Царица Агафья подарила Федору малютку-сына, наречённого Ильёй в память деда, Ильи Милославского.
Однако эта радость оказалась слишком мимолётной.
Четырнадцатого июля не стало царицы Агафьи, и те же люди, которые сообщили Федору эту тяжёлую весть, несмело добавили:
— А и про царевича Илью дохтура довести приказывали твоему царскому величеству: больно скорбен младенец, ангел Божий… Кабы и его не призвал к себе Господь… Больно ненадёжен, слышь…

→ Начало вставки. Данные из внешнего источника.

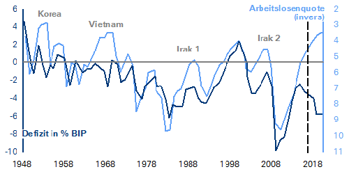 Normalerweise steigt und fällt das Haushaltsdefizit im Einklang mit dem Konjunkturzyklus. So war in den USA bis vor kurzem eine hohe Korrelation zwischen der Entwicklung des Haushaltsdefizits und der Arbeitslosenquote zu beobachten: Eine sinkende Arbeitslosenquote ging einher mit einem sinkenden Haushaltsdefizit. Nur während militärischer Konflikte koppelte sich das Haushaltsdefizit temporär vom Konjunkturzyklus ab.
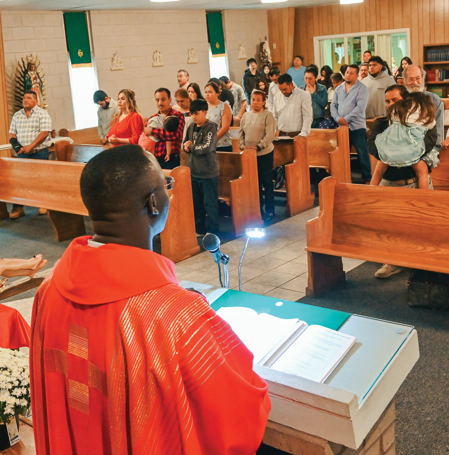 Latinos represent the majority of parishioners at St. Joan of Arc, which includes an outreach ministry to migrant workers at a seafood plant about an hour away from Plymouth. The parish community also includes Anglos and Asians, mainly from the Philippines.
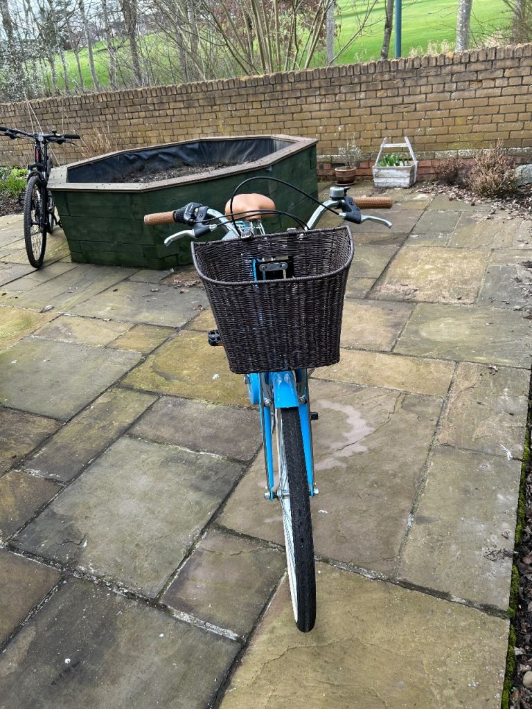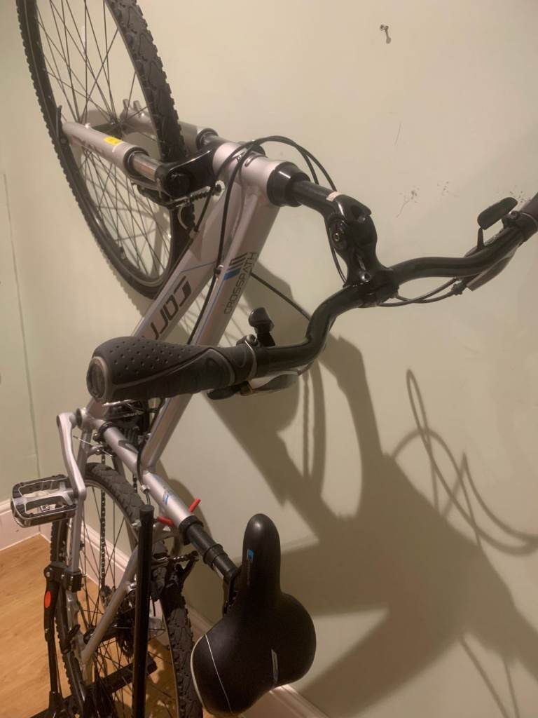 A 'comfort' bike with a 47cm aluminium frame, 26" wheels, Shimano gears, Suspension to front and seat post
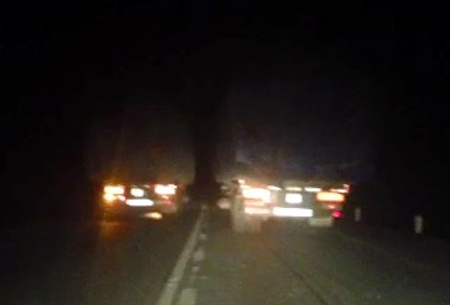 | Tổ TTKS đang làm nhiệm vụ ngay trước cửa Trạm TTKS QL 9 của Phòng CSGT Quảng Trị phớt lờ cho đoàn "xe vua" đi qua. |
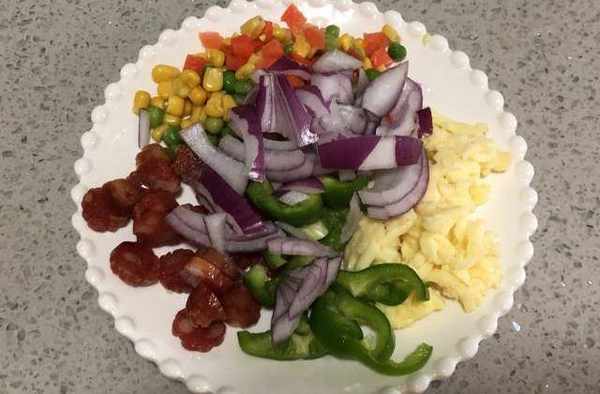 2、接下来,用刀将洋葱、青椒和腊肉肠分别切好,放到盘中待用。
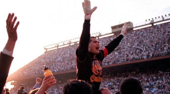 Mondiale di Francia ’98. Due pareggi contro Spagna e Bulgaria e una vittoria contro la Nigeria valgono gli ottavi di finale. A Lens, contro la Francia padrona di casa (e poi vincitrice del Campionato), la tattica del Paraguay è chiara: difesa ad oltranza nella speranza di arrivare ai rigori. Il muro biancorosso resiste fino al 114esimo. Quando, a soli 6 minuti dai calci di rigore è il difensore centrale Laurent Blanc, in un’inedita sortita offensiva, a mettere fine alle speranze paraguaiane di proseguire il cammino nella competizione. A diventare l’immagine simbolo della partita, però, non sarà né il goal né la gioia incontenibile dei transalpini. Subito dopo il fischio finale le telecamere riprenderanno Chilavert percorrere avanti e indietro tutta la sua metà campo, rincuorando e scuotendo i compagni in lacrime. In alcuni casi addirittura urlandogli a pochi centimetri dal viso. Che si rialzassero da terra e uscissero dallo stadio a testa alta, ci avrebbe pensato lui a caricarsi sulle spalle la tristezza di tutti.
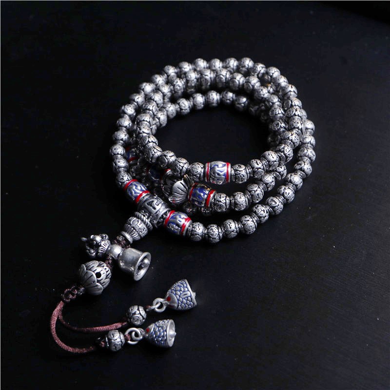 規格描述:珠子直徑5.8mm108顆,藏銀白銅三七銀,永不掉色,珠子硬度好,耐磨損
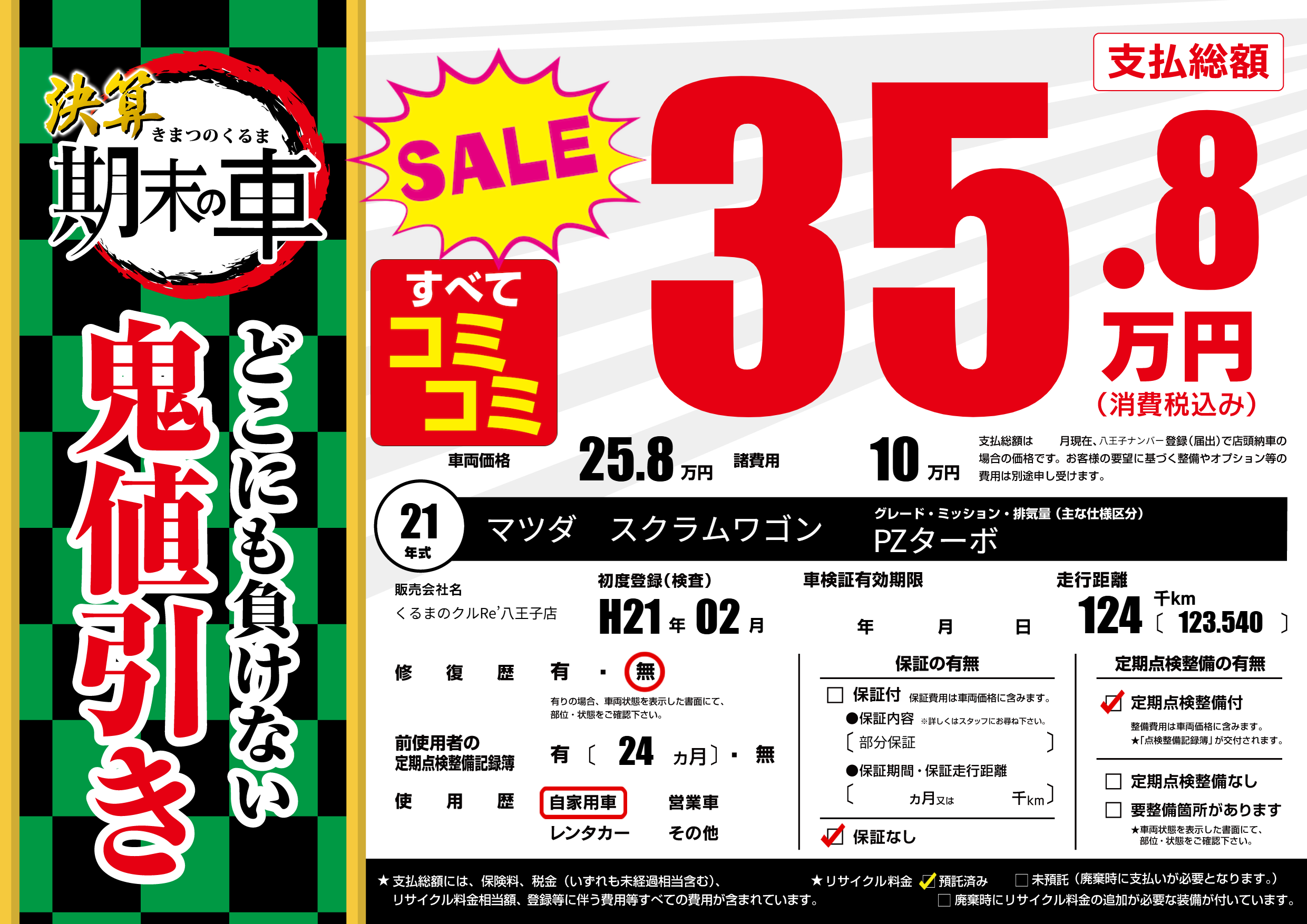 | 車名 | マツダ スクラムワゴン | グレード ミッション 排気量 |
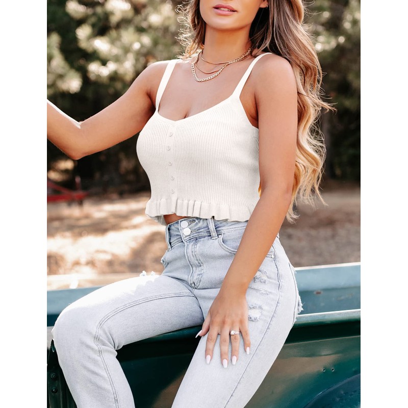 Elitechoice Women's Ribbed Knit Sleeveless Sweater Vest Button Detail Low Cut Ruffle Ruched Camisole White

Только за голову схватился царь и застонал, как раненый, выслушав зловещие слова.
Ещё больше врачей и сведущих баб-повитух было собрано во дворец… Чего ни делали, только бы поддержать еле тлеющую жизнь в слабом, болезненном младенце, стоившем жизни своей матери. Ребёнок словно не захотел остаться здесь без неё — и царевича Ильи не стало 21 июля, через десять дней после рождения.
Мучительным, тяжёлым кошмаром, без сна и без еды почти, пронеслись эти десять дней для юного вдовца, потерявшего разом и молодую жену и надежду царства, первенца-сына…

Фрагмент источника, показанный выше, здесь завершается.